Britain on Saturday became the first Western country to contribute heavy tanks to the war effort, with British Prime Minister Rishi Sunak saying his country would send 14 Challenger 2 tanks to Ukraine.

Sunak’s office said the British prime minister believed that “a long and static war only serves Russia’s interests.”

UK Department of Defense and Security officials believe a window has opened in which Russia is lagging behind due to resupply issues and plummeting morale. “The prime minister is therefore calling on allies to roll out planned support for 2023 as soon as possible to maximize impact.”

Saturday’s attacks came as Ukrainian and Russian forces battled for control of Soledar, a small salt town in eastern Ukraine that has been at the center of relentless Russian attacks for days.

Capturing Soledar, which had a pre-war population of 10,000, could improve the position of the Russian forces as they advance towards what has been their main target since October, the nearby traffic intersection of Bakhmut.

On Friday, Russia said its forces had taken control of the city, but Ukraine denied this.

Al-Jazeera correspondent Charles Stratford, reporting from near Soledar, said that there were no obvious signs of Ukrainians leaving the city.

“Russia claims to have taken full control of Soledar, but the smoke rising from the impact sites, the explosions from the almost constant artillery and heavy machine gun fire, say otherwise,” he said.

On the streets leading to Soledar, Army medics occasionally waited to take the wounded to hospitals away from the front lines, Stratford said.
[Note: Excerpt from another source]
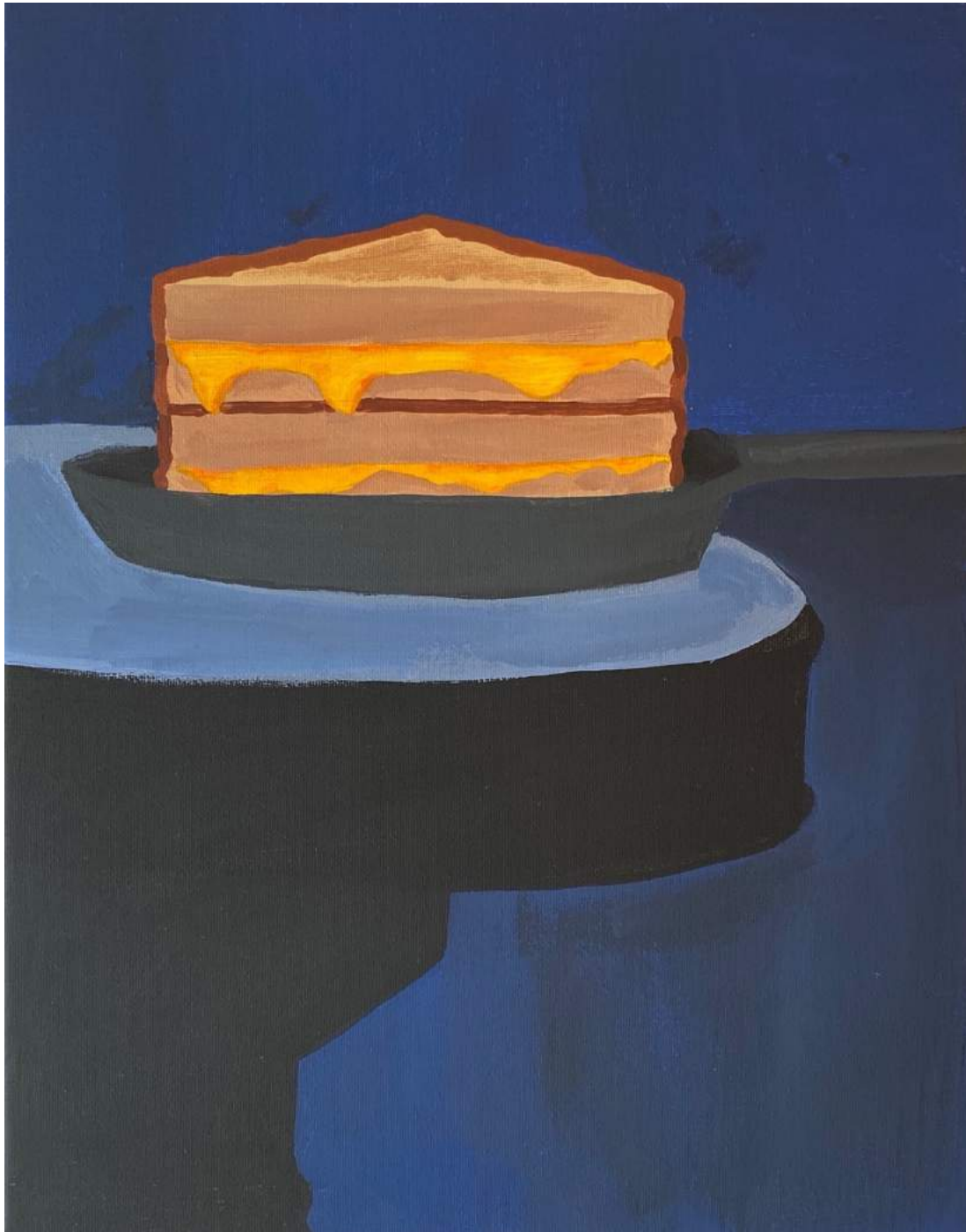
Ariana Rojas Untitled , 2021 Acrylic on canvas 11 x 14 inches

Should a grilled cheese sandwich be plated and served on a cast iron skillet?

It was observed that Ukrainian armored personnel carriers were carrying troops towards the city, and artillery pieces were clogged in defensive positions.

One soldier called for better weapons.

“It will be difficult for us to push them back,” he told Al Jazeera. “We will suffer big losses. They move in such large numbers that sometimes our old guns overheat when we try to shoot as much as possible.”

On Saturday, Turkey said it was ready to push for a local ceasefire in Ukraine and warned that neither Moscow nor Kyiv had the military means to “win the war.”

Foreign policy adviser to President Recep Tayyip Erdogan, Ibrahim Kalin, acknowledged that it is unlikely that the warring parties are ready to conclude a “comprehensive peace agreement” in the coming months.